É lindo e difícil ao mesmo tempo. A Internet e o mercado aberto de música (principalmente via Youtube e streamings) facilitaram a entrada das bandas e seus sons no mundo, deixando-os à mão de quem quiser ouvir, por outro lado aumentou assim a oferta explícita de bandas e uma certa dificuldade decorrente de chamar a atenção para que te ouçam no meio a tantas. Tem que compor bem, gravar, divulgar, cuidar da imagem, da relação com público, administrar redes sociais, ensaiar, marcar show e tocar… Tudo sozinho ou com raras ajudas até que se ganhe mais corpo e mercado. Isso tudo, em geral, tendo que dividir os dias com outros trampos pra fechar as contas. Resumindo, ser banda independente é ótimo mas exige um baita trabalho!

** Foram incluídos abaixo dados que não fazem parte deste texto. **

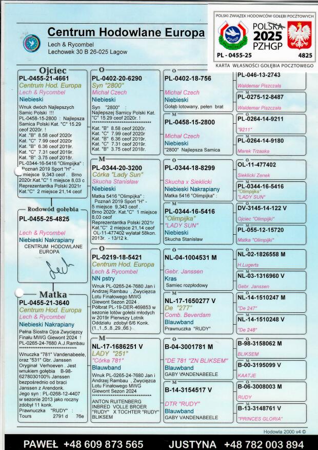 Więcej informacji o pochodzeniu gołębia w rodowodzie lub pod numerem telefonu :

– As rádios ainda dão força para a cena do rock no Brasil?

Olha, ouvimos pouco as rádios porque raramente tocam coisas boas, principalmente daqui do Brasil. No fim, as poucas que tocam rock feito por bandas brasileiras dão força pra aquelas que já são fortes no mercado. As independentes quase nunca são tocadas ou escutadas pelos caras das rádios, que em geral, como os “críticos”, são preguiçosos demais para trabalhar pesquisando e divulgando coisas novas.

– O que vocês acham dos serviços de streaming?

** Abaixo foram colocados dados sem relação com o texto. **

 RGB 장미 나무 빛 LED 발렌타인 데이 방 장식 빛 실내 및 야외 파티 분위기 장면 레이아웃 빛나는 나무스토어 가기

Achamos foda! São mais um exemplo de reinvenção do mercado musical que deu super certo, apesar de ainda estarem ajustando seu modelo de pagamento para melhor satisfazer aos artistas, com razão. No fim, muitos, como nós, não recebemos nada apesar de vários plays. Enfim, costumamos ouvir bastante coisa mesmo, de tudo quanto é canto, principalmente via Spotify e Rdio.

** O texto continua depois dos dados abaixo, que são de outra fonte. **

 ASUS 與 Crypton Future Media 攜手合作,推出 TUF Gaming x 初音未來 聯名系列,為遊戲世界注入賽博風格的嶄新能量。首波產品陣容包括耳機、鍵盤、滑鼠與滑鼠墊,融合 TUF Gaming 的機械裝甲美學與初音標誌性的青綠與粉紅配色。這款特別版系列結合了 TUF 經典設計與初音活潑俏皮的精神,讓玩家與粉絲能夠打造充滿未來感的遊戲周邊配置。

– Como é seu processo de composição?

Nada definido! Às vezes começamos com um riff do Matheus, às vezes com um trecho de melodia, às vezes uma parte da letra, às vezes uma levada de batera… Aproveitamos o que parecer bom e forte o suficiente e trabalhamos em cima.

– O Brasil tem espaço para uma cena rock hoje em dia?

Espaço tem, mas é pequeno. Não temos cultura e um sistema que alimente um mercado viável para muitas bandas. No fim, poucas conseguem se sustentar com o tempo, e aqui mais difícil é para as autorais. Mas nada de novo, a questão é buscar criar demanda e aqui a partir de um som de qualidade e travar conversas e trocas com o mercado e artistas de fora onde muitas vezes bandas como a gente – que canta em inglês também – têm algum espaço.

Desert Killers

– Recomendem bandas (de preferência independentes!) que chamaram sua atenção ultimamente.

Temos ouvido e cruzado sempre com várias bandas boas (de vários estilos e propostas) como músicos. Algumas das que curtimos e que botamos pra escutar mais recentemente são: Dibigode, Soldado Marimbondo, Sent U Feeling, Inky, Ombu, Mairena, Single Parents e Não Há Mais Volta. Mas tem banda boa de sobra!